Even though getting vaccinated against COVID-19 can save your life, scientists are still looking for ways to treat severe infections. This is for people who can’t get vaccinated or in case dangerous new strains of the virus appear that could make the vaccine useless.
A new study conducted by Amy S. Lee, PhD, professor of biochemistry and molecular medicine at USC’s Keck School of Medicine, finds that GRP78, a chaperone protein implicated in the propagation of other viruses, plays a critical role in the spread of SARS- CoV-2, the virus that causes COVID-19. In addition, the study demonstrates that preventing the creation of GRP78 or decreasing its function with a new targeted medication significantly reduced SARS-CoV-2 replication.
The study, which was just published in the journal Nature Communications, reveals that this drug may offer a new sort of protection against COVID-19, one that may remain effective even as new strains emerge.
“A major problem in fighting SARS-CoV-2 is that it is constantly mutating and adapting itself to more efficiently infect and multiply in its host cells,” adds Lee, also the Judy and Larry Freeman Chair in basic science research. “If we keep chasing the virus around, this could become quite challenging and unpredictable.”
How GRP78 helps viruses spread
Lee and her colleagues at USC’s Keck School of Medicine and the Cleveland Clinic Florida Research and Innovation Center began investigating the role of GRP78, a key cellular chaperone protein that helps in controlling the folding of other cellular proteins, in their search for a more stable way to combat COVID-19. Cells that are healthy only need a small amount of GRP78 to work normally. Cells that are under stress, on the other hand, need more GRP78 to cope. In a publication published in 2021, Keck School of Medicine researchers demonstrated that when SARS-CoV-2 is present, GRP78 is co-opted by other cellular receptors to transport the virus inside cells, where it can replicate and proliferate.
However, it remained unclear if GRP78 is “necessary and essential” for SARS-CoV-2 replication in human lung cells. The research team looked at human lung epithelial cells infected with SARS-CoV-2 and found that when the viral infection worsens, the infected cells make more GRP78.
The ability to suppress GRP78
Then, Lee and her team suppressed the production of the GRP78 protein in human lung epithelial cells in cell culture without interfering with other cellular functions using a unique messenger RNA technique. When these cells were infected with SARS-CoV-2, they produced significantly less of the viral spike protein and released significantly less virus to infect then crucial cells, demonstrating that GRP78 was necessary and for viral replication and generation.

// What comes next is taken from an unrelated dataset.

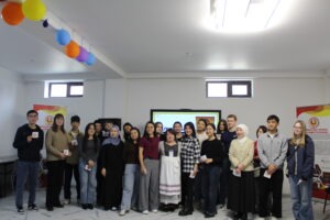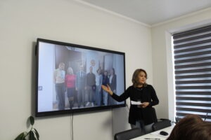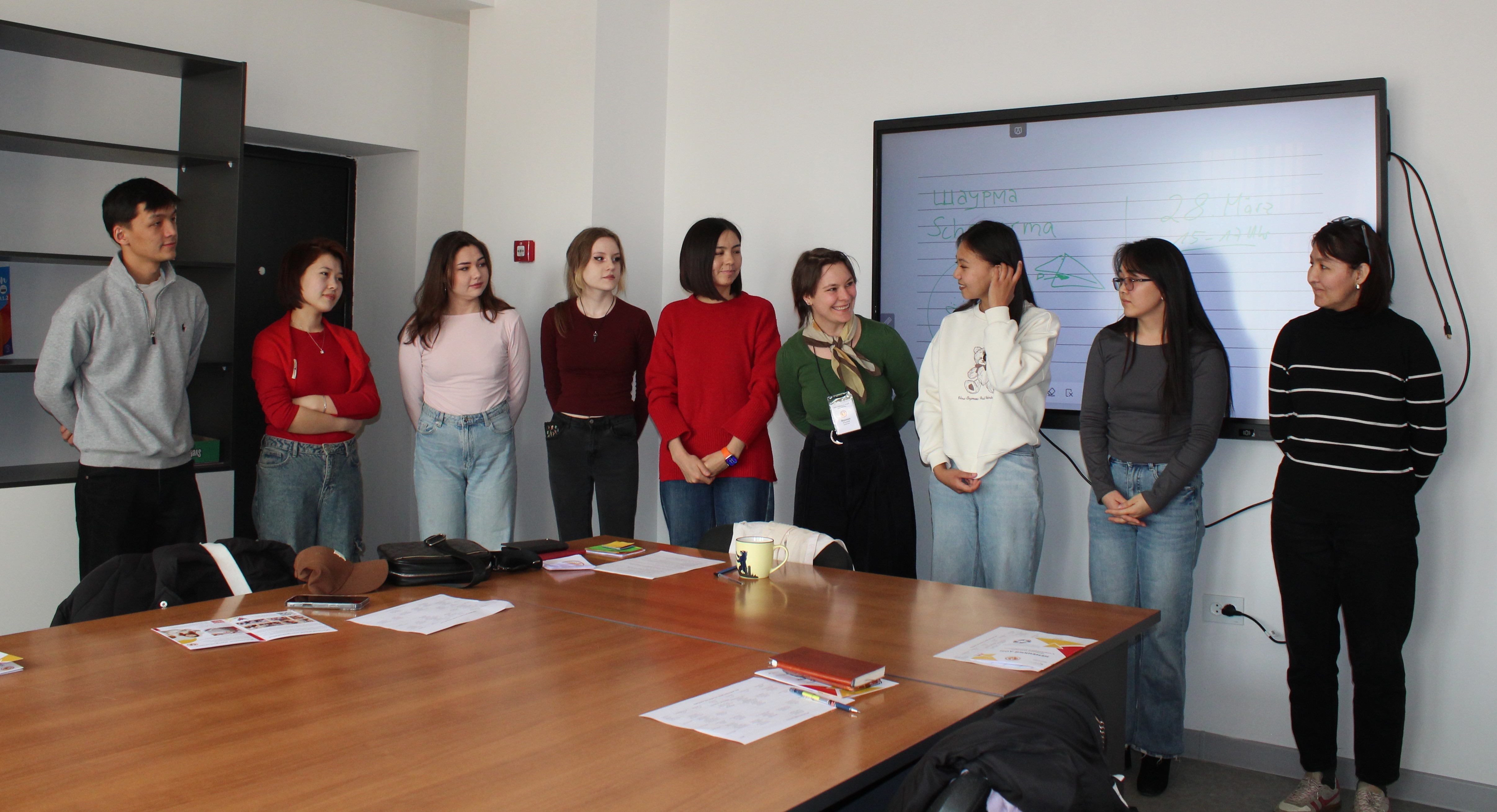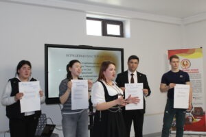 Координатор по молодежной работе Диана Дворянинова провела интерактивную презентацию молодежных проектов. Она подробно рассказала о мероприятиях для молодежи, кружках, воркшопах и семинарах, которые проводятся как в Бишкеке, так и в других регионах страны. Эта деятельность направлена на развитие самых разных навыков у молодежи и получение знаний. Благодаря интерактивным играм и интересной подаче, гости не просто слушали презентацию, а сами приняли участие в ней. Так они на себе почувствовали взаимодействие с коллективом, совместную работу и проявили свои способности.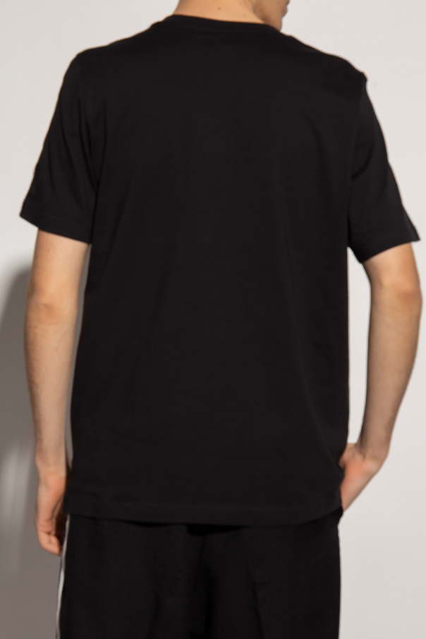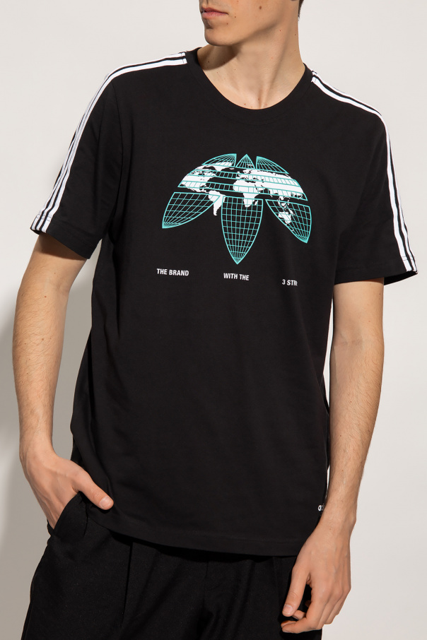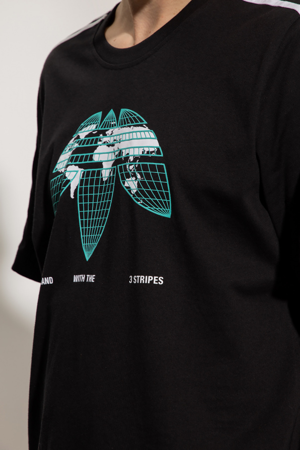 Black T-shirt from ADIDAS Originals. Crafted from cotton, this short sleeve design features a green and white Trefoil logo print, the label’s signature three stripes down the sleeves and ribbed crew neck.

“We now have direct evidence that GRP78 is a proviral protein that is essential for the virus to replicate,” Lee adds.
To find out more about whether targeting GRP78 researchers could help treat COVID-19, the tried a small molecule drug called HA15 on lung cells that were infected with COVID-19. This drug, which was made to kill cancer cells, binds to GRP78 and stops it from working.

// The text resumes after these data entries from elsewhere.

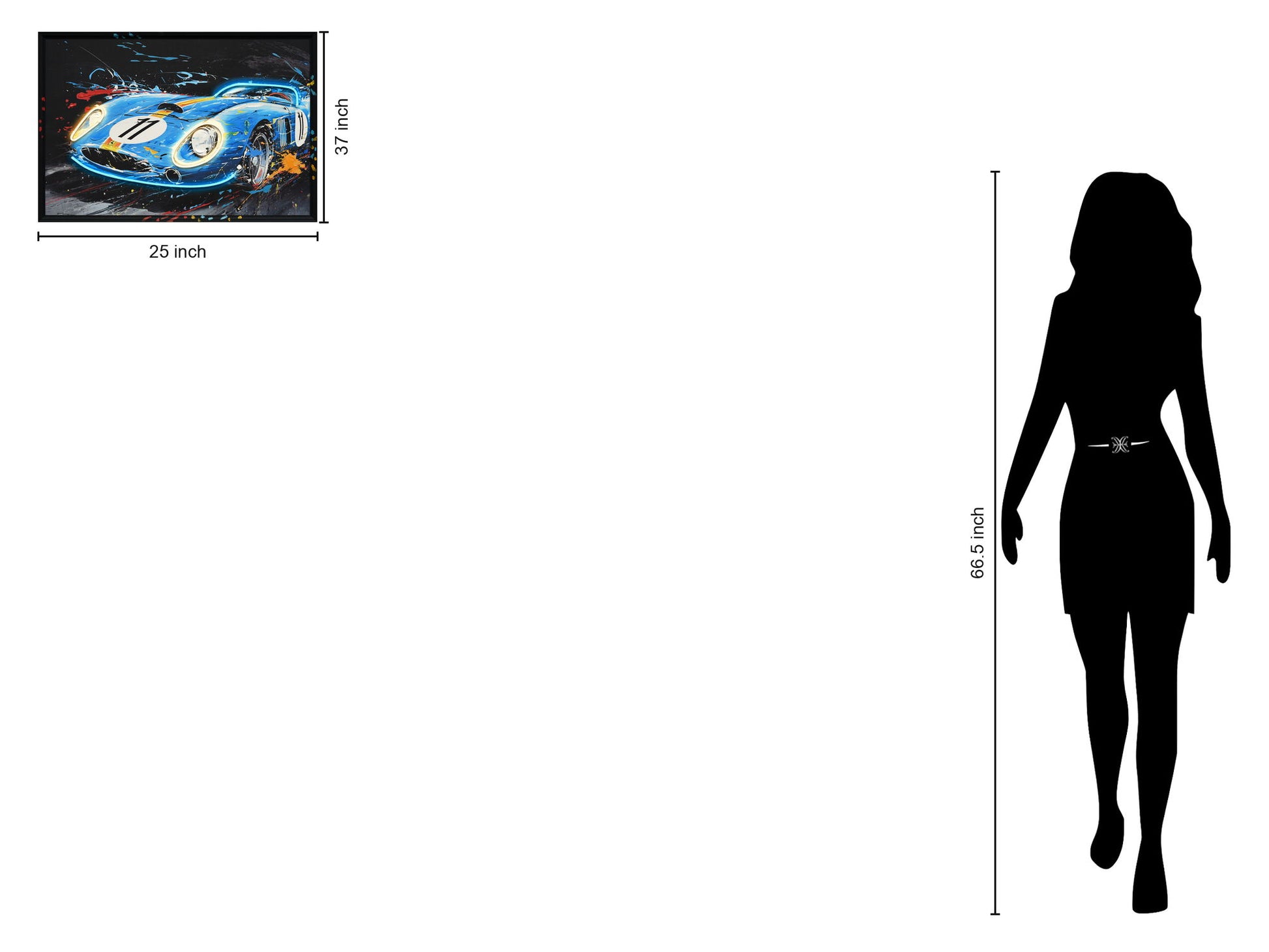"Neon Racer" Hand-Embellished LED In Frame - Blue / Black / Red / Orange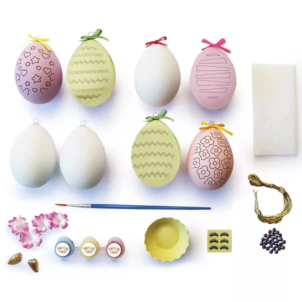 Jajca so enostavna za uporabo za otroke, in s priloženim čopičem, barvami in dekorativnimi elementi jih lahko popolnoma prilagodite. V kompletu so tudi predloge, ki dajejo ideje za ustvarjanje, tako da bodo otroci uspešni tudi, če se šele spoznavajo s svetom ročnih del. Jajca so opremljena tudi z obešalniki, tako da lahko končni izdelki postanejo okraski za velikonočne veje.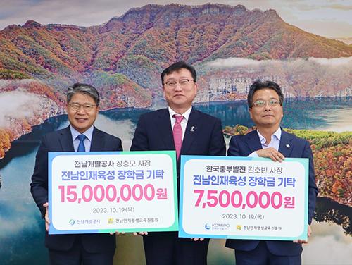 전남도는 19일 전남개발공사와 한국중부발전이 전남인재평생교육진흥원에 2250만 원의 인재육성 장학기금을 기탁했다고 밝혔다.

“Lo and behold, we found that this drug was very effective in reducing the number and size of SARS-CoV-2 plaques produced in the infected cells, at safe doses which had no harmful effect on normal cells,” notes Lee.

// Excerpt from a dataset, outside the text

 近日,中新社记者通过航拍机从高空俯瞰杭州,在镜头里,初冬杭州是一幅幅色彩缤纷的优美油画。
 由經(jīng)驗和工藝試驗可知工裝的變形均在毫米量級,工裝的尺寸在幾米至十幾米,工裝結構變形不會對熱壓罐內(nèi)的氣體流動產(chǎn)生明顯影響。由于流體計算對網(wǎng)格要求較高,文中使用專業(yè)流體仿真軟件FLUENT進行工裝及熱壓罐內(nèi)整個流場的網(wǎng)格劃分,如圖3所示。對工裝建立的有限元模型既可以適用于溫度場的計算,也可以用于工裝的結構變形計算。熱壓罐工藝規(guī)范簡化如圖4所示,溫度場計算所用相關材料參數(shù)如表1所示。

The researchers then gave HA15 to mice that had been genetically modified to express a human SARS-CoV-2 receptor and then infected with SARS-CoV-2. They found that the drug greatly reduced the amount of virus in the mice’s lungs.
Drugs targeting GRP78
Separately, in partnership with scientists at the University of Michigan, Lee and her colleagues at the Keck School of Medicine are researching the effectiveness of HA15 and another GRP78 inhibitor, YUM70, in the treatment of cancer.
They found that HA15 and YUM70 can stop the production of mutant KRAS proteins, which is a common mutation that makes it hard for drugs to work, and reduce the ability of pancreatic, lung, and colon cancer cells with these mutations to live.
These results, recently published in Neoplasia, imply that targeting GRP78 could be useful in the fight against these lethal tumors.
These are basic proof-of-concept studies. More research, including clinical trials, is needed to show that HA15 and YUM70 are safe and effective for use in humans. As potential therapies for COVID-19 and cancer, these and additional GRP78 inhibitors are currently undergoing clinical trials. According to Lee, these medicines may also prove useful in the treatment of future coronaviruses that rely on GRP78 for entry and replication.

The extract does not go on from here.